As a recent improvement, this script will allow you access events from
data that is
not local by using xrootd and CRAB3.
If you plan on making very large "skims' (
e.g., all W candidates),
please consider collaborating with others as to minimize the number of
identical collections we have.
Contents
How to setup the environment to run edmPickEvents.py
Note that edmPickEvents in CMSSW versions before 8_3_0 is broken. Please use recent CMSSW.
The script
edmPickEvents.py
is part of the
PhysicsTools/Utilities
package. The version that uses DAS instead of the outphased DBS2 is integrated into CMSSW_5_3_18 and later and the version that uses CRAB3 instead of CRAB2 is integrated into CMSSW_5_3_29 and later (CMSSW_5_3_X release cycle) and CMSSW_7_4_7 and later.
ssh lxplus.cern.ch
cmsrel CMSSW_10_2_14
cd CMSSW_10_2_14/src/
cmsenv
How to Run edmPickEvents.py
This script doesn't work on simulation due to a limitation in DAS client, see this thread
.
The script
edmPickEvents.py
can be run interactively or via a CRAB
job. If you have few events to pick, run it interactively. Now you can pick more than
20 events interactively using the new command line option :
edmPickEvents.py --maxEventsInteractive=30 "/Charmonium/Run2018C-17Sep2018-v1/AOD" events.txt
In case you have a lot of events to pick,
submit a CRAB job. This version of script is compatible with CRAB3 and produces a crabConfig
which can be directly used by the user to submit the jobs.
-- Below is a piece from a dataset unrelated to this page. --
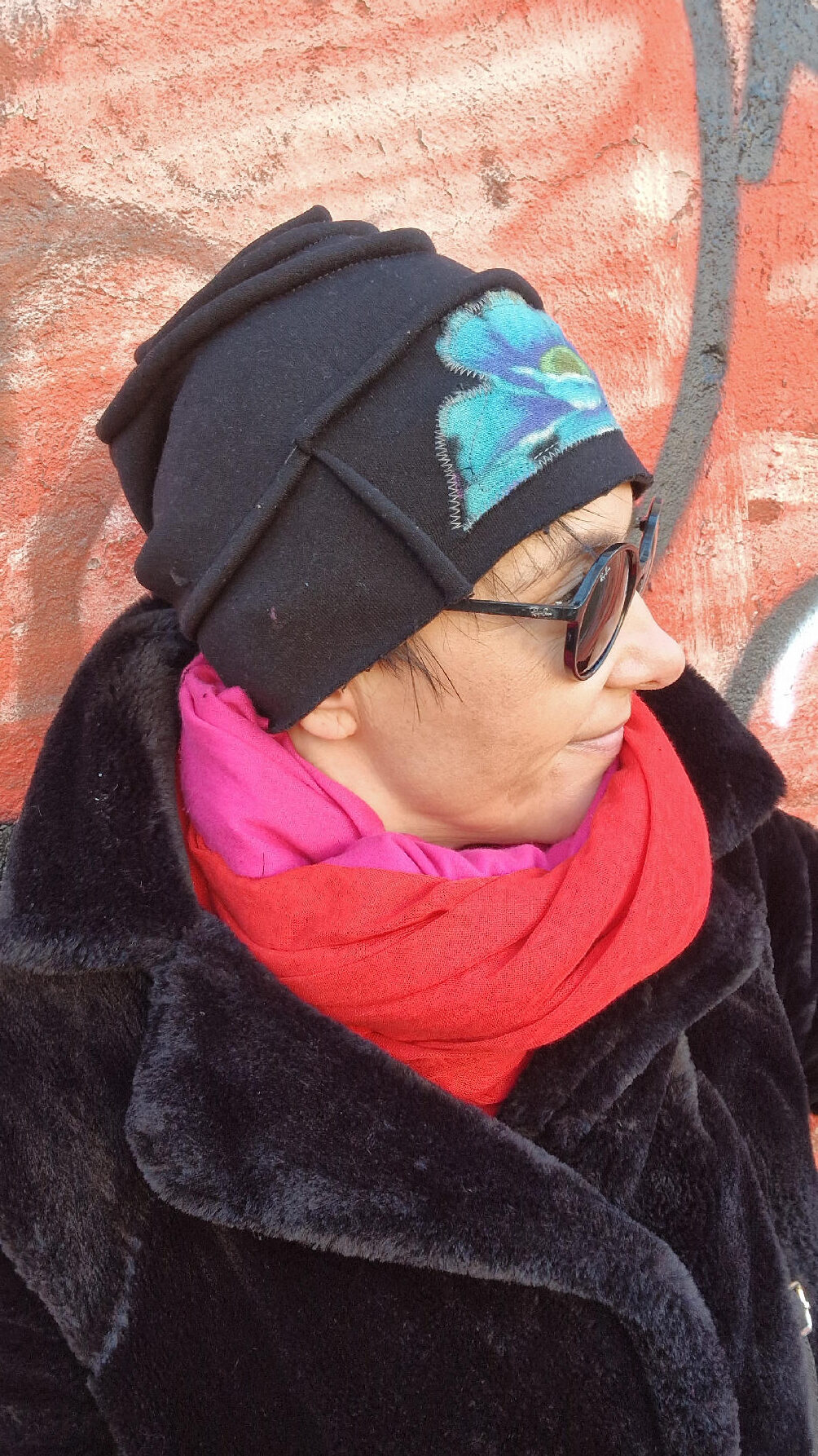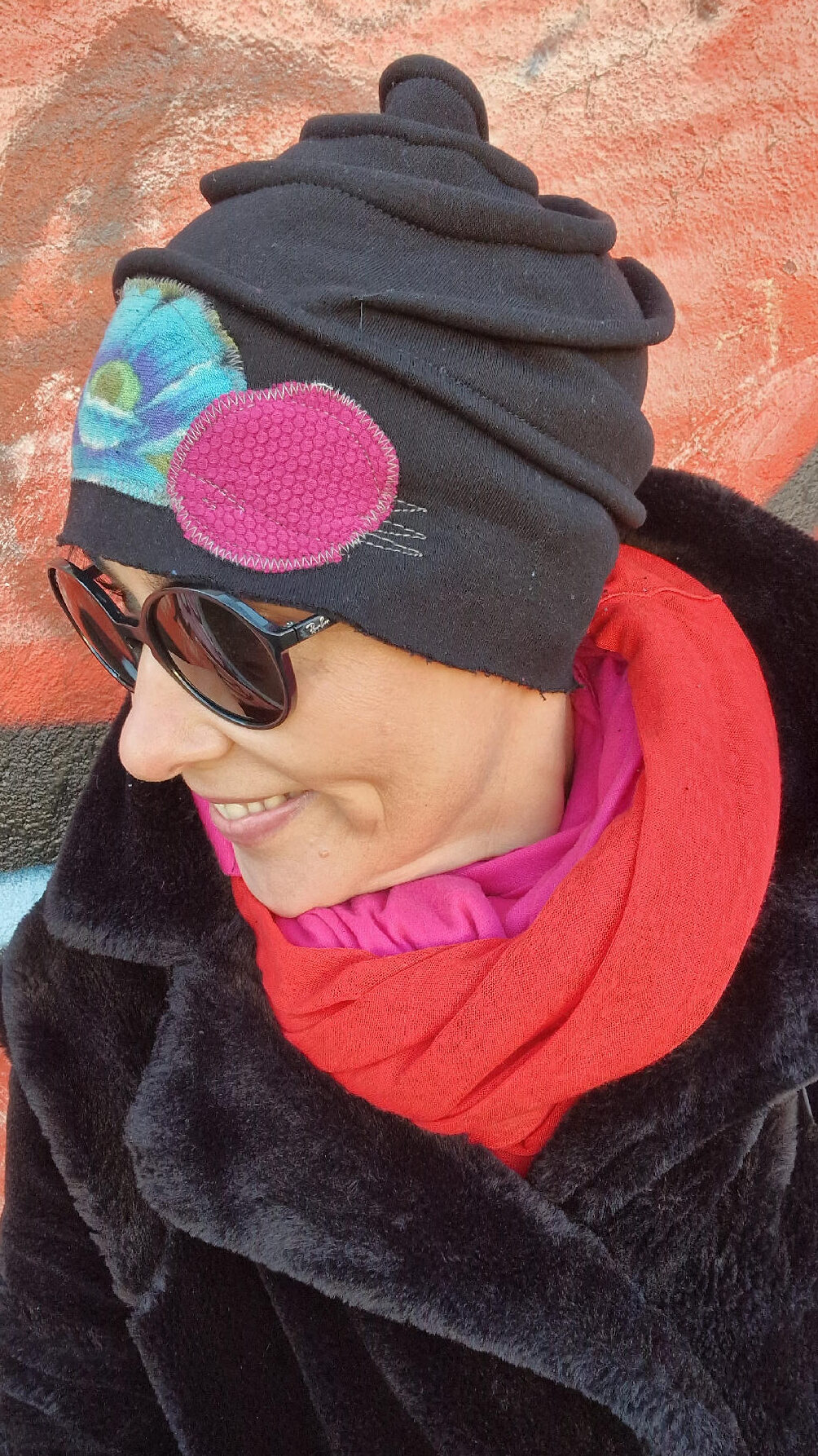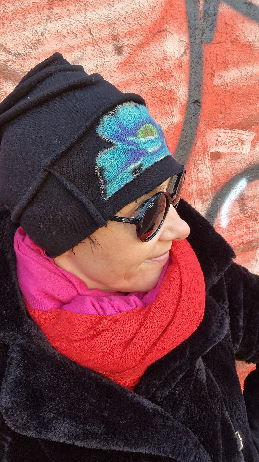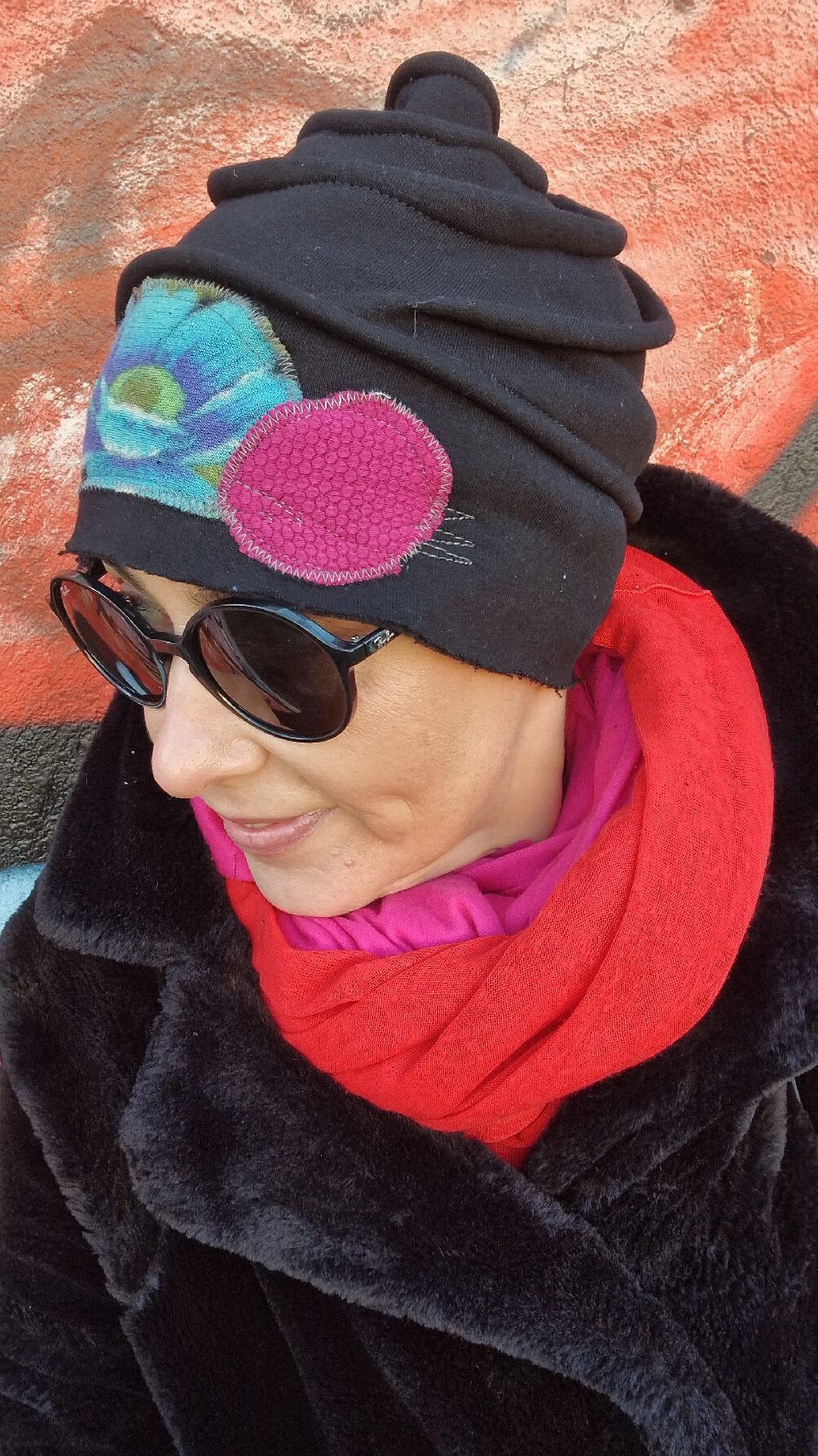 Uszyta z miękkiej, grubej, czarnej drapanej bawełny, jedna i niepowtarzalna, taka śliczna i kobieca… z dużym , pięknym kwiatem z przodu, albo z boku, jeśli wolisz…z ociupiną amarantu. Czapka śliczna

One can change some of the crab parameters (if needed, like site to store the output files, num of lumi etc).
Run edmPickEvents.py
Interactively
To run the script interactively do the following, for example
edmPickEvents.py "/Charmonium/Run2018C-17Sep2018-v1/AOD" 319337:60:30203079
where
*/Charmonium/Run2018C-17Sep2018-v1/AOD= is the dataset you want to pick
events from. You can only do one per job.
- 319337:60:30203079 is one event you want to pick. The syntax is Run:Lumi:Event (one could also put more than one event by separating the different events with a comma:
Run1:Lumi1:Event1
, Run2:Lumi2:Event2
.
or
edmPickEvents.py "/Charmonium/Run2018C-17Sep2018-v1/AOD" events.txt
where
-
events.txt
is a text file that contains = 319337:60:30203079 = ( and others if desired, but one by line )
and the screen output would look like this:
edmCopyPickMerge outputFile=pickevents.root \
eventsToProcess=319337:60:30203079 \
inputFiles=/store/data/Run2018C/Charmonium/AOD/17Sep2018-v1/60000/FFE6BEB2-BE6C-5A4F-A6D0-41999FDE5942.root
In this case, the user can either paste the above
edmCopyPickMerge
output or run
edmPickEvents.py
with the
--runInteractive
flag
which will run it for you (warning, this can take a long time).
This will create a
ROOT
file called
pickevents.root
in the same directory you executed the command from. Also note that
edmCopyPickMerge
script locates
edmPickEvents.py
configuration file and then uses it with
cmsRun
.
Run edmPickEvents.py
with CRAB
BEWARE AS THE CRAB CONFIG THAT edmPickEvents puts out might still be crab2 if you use releases before CMSSW_7_4_7!!!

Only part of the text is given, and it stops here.